To a certain extent, all of the frustrations that working people have endured over the past many years have transformed the lawyer-led movement into a popular one, at least insofar as it has garnered the sympathy of a vast majority of working people.  It would be inaccurate, however, to say that there is a mass movement in Pakistan just yet.  Yet a quite remarkable situation has emerged in which a CJ has become a popular folk hero and lawyers are effectively playing the role of political parties.  This has much to do with the fact that within the legal fraternity one finds many political activists who understand the need to take the movement beyond a narrow demand for the reinstatement of the CJ.  Yet this means that the prospects of the movement expanding remain limited because mainstream parties are still not playing the proactive role they need to, preferring to use the unrest as a bargaining chip in their negotiations with the US state department; Washington continues to be the major arbiter in power politics in Pakistan, as indeed it is in the politics of most Muslim countries.

Meanwhile the religious right is trying hard to keep up with the momentum being generated by the lawyer’s movement, and is having to live down its reputation as being pro-establishment, in spite of its anti-imperialist ravings.  After five years running the provincial government of the Northwest Frontier Province (NWFP), the right can no longer claim to be a principled defender of people’s rights opposed to an undemocratic state propped up by the empire.  Instead, the lawyer’s community, along with an increasingly assertive community of working journalists and the rank and file of small and big political parties, are the default leadership of the movement, and are carrying the hopes and expectations of working people fed up with an obsolete state structure and opportunistic pro-establishment political parties.

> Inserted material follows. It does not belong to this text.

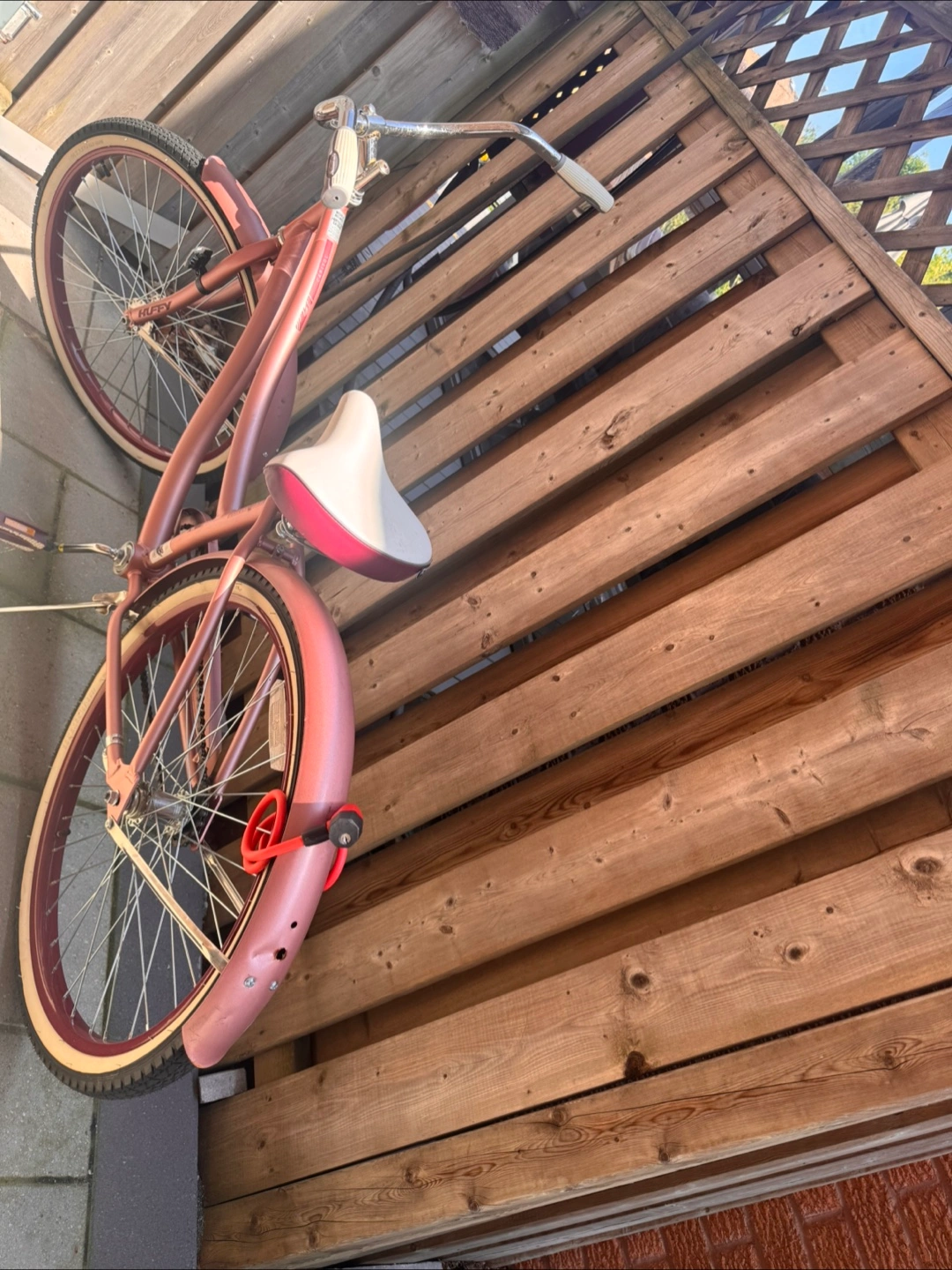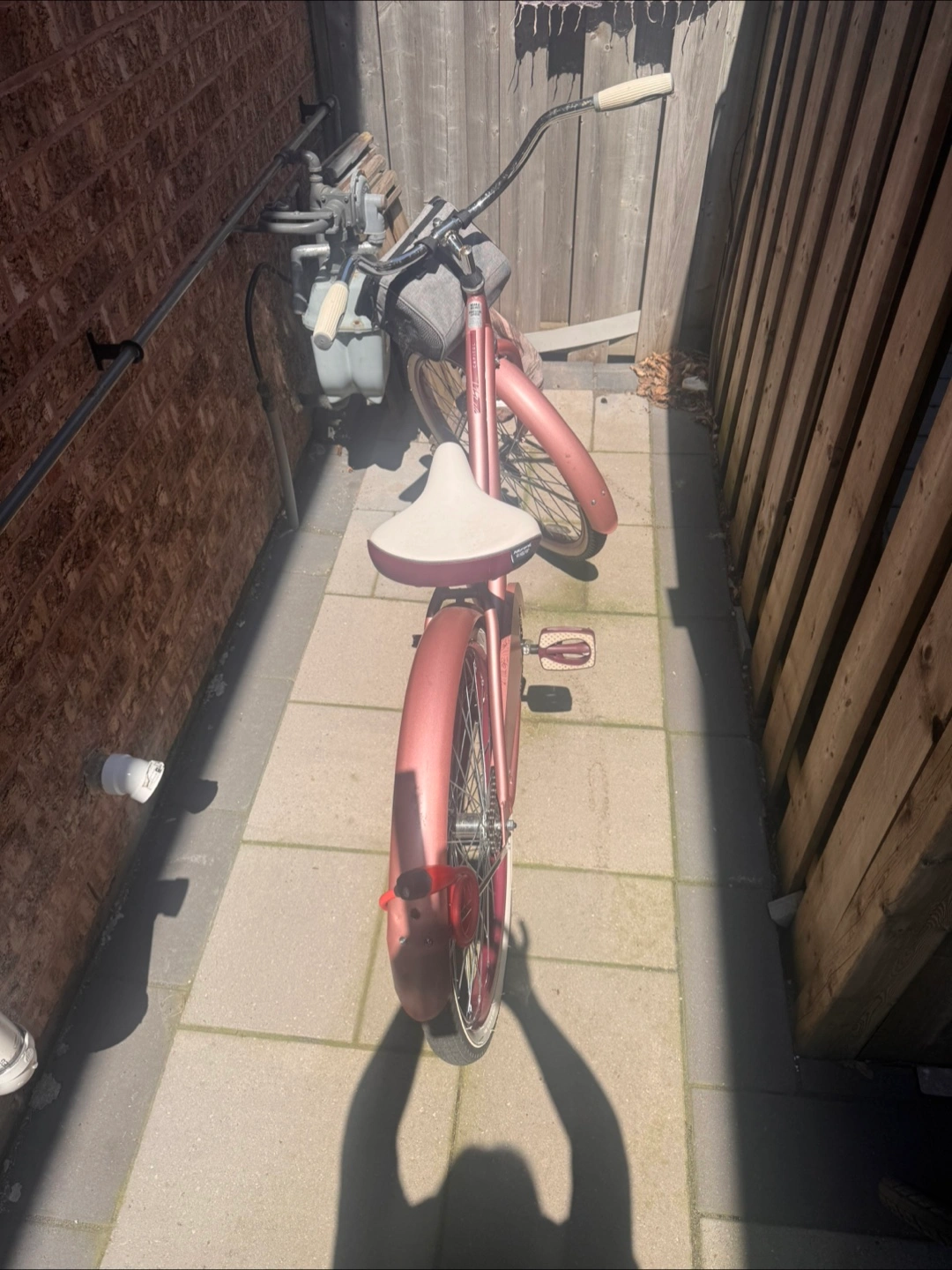 5Selling a cute pink cruiser bike! It's in great condition and ready for some summer rides. Perfect for cruising around town or enjoying a leisurely ride in the park. It comes with a lock and a bag at front to secure mobile and bottles while riding.

Arguably, it is at times of major struggle such as the present one that newer and more dynamic forms of politics come to the fore.  There is a growing feeling within progressive circles that the present movement could precipitate the emergence of a broad popular political front that espouses a fiercely independent politics that is anti-imperialist, anti-military, and moves towards a coherent political and economic program that can address the real crises of neo-liberalism in the periphery.  For the very first time in Pakistan’s history, in the popular consciousness of the people, the army is no longer a sacred cow, the national security imperative has been relegated to an afterthought, and there is a recognition that all available major political options — including the right — are unwilling and/or unable to provide an answer to the many questions that the fledgling movement has posed.  Popular forces must now translate this intangible change into a tangible political challenge to status quo.  This will take time, but there is optimism in the air.  For empire and its “terrorist” challengers alike, this is a worrying prospect.


Aasim Sajjad Akhtar is a political activist associated with the People’s Rights Movement (PRM), a confederation of working-class struggles.  He also teaches colonial history and political economy at the Lahore University of Management Sciences.